# Recorded data
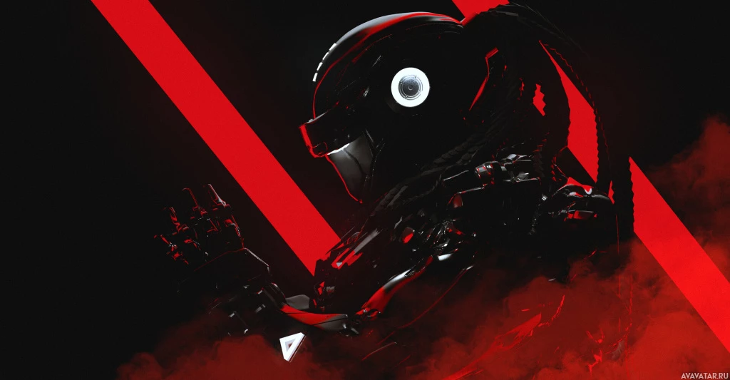 a dark background with red and black accents. The character is wearing a full-body suit that looks like it's designed for a harsh environment such as
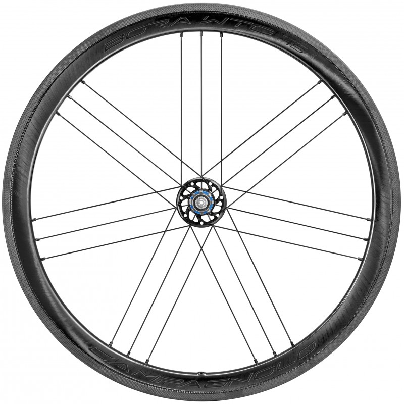 BORA WTO 45 2WF - zapletené kolesá určené pre ráfkové brzdy so skvelými aerodynamickými vlastnosťami (pomenovanie kolies WTO je akronym slov WIND TUNEL Optimized, ktorý vypovedá o prostredí, v ktorom inžinieri firmy Campagnolo tieto kolesá vyvíjali). Ďalší akronym 2WF (2 WAY FIT) poukazuje na to, že kolesá možno použiť ako so štandardnými, tak i bezdušovými plášťami a to bez akejkoľvek ďalšej úpravy.
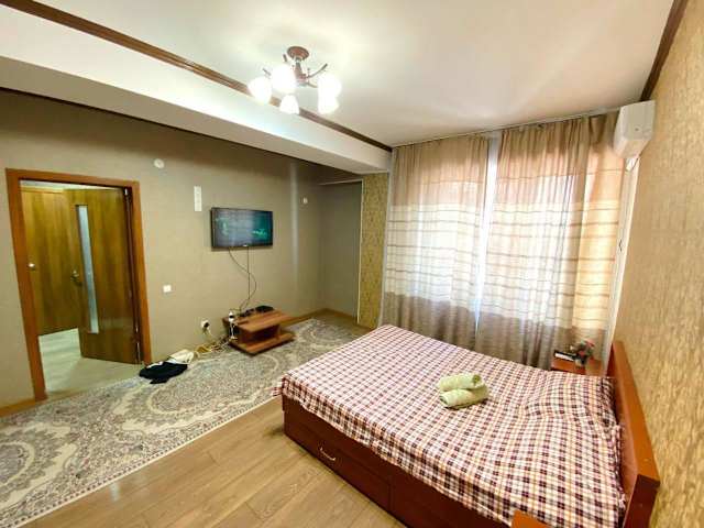Die Unterkunft apartment on Orozbekova st 2/2 ist gelegen in Bischkek. Der Flughafen Manas ist 28 km entfernt. Die Umgebung bietet eine ruhige Atmosphäre mit Blick auf den Garten.

# Action item
An exact copy of every line above, minus the pictures, is the required output.

# The completed task
 a dark background with red and black accents. The character is wearing a full-body suit that looks like it's designed for a harsh environment such as
 BORA WTO 45 2WF - zapletené kolesá určené pre ráfkové brzdy so skvelými aerodynamickými vlastnosťami (pomenovanie kolies WTO je akronym slov WIND TUNEL Optimized, ktorý vypovedá o prostredí, v ktorom inžinieri firmy Campagnolo tieto kolesá vyvíjali). Ďalší akronym 2WF (2 WAY FIT) poukazuje na to, že kolesá možno použiť ako so štandardnými, tak i bezdušovými plášťami a to bez akejkoľvek ďalšej úpravy.
Die Unterkunft apartment on Orozbekova st 2/2 ist gelegen in Bischkek. Der Flughafen Manas ist 28 km entfernt. Die Umgebung bietet eine ruhige Atmosphäre mit Blick auf den Garten.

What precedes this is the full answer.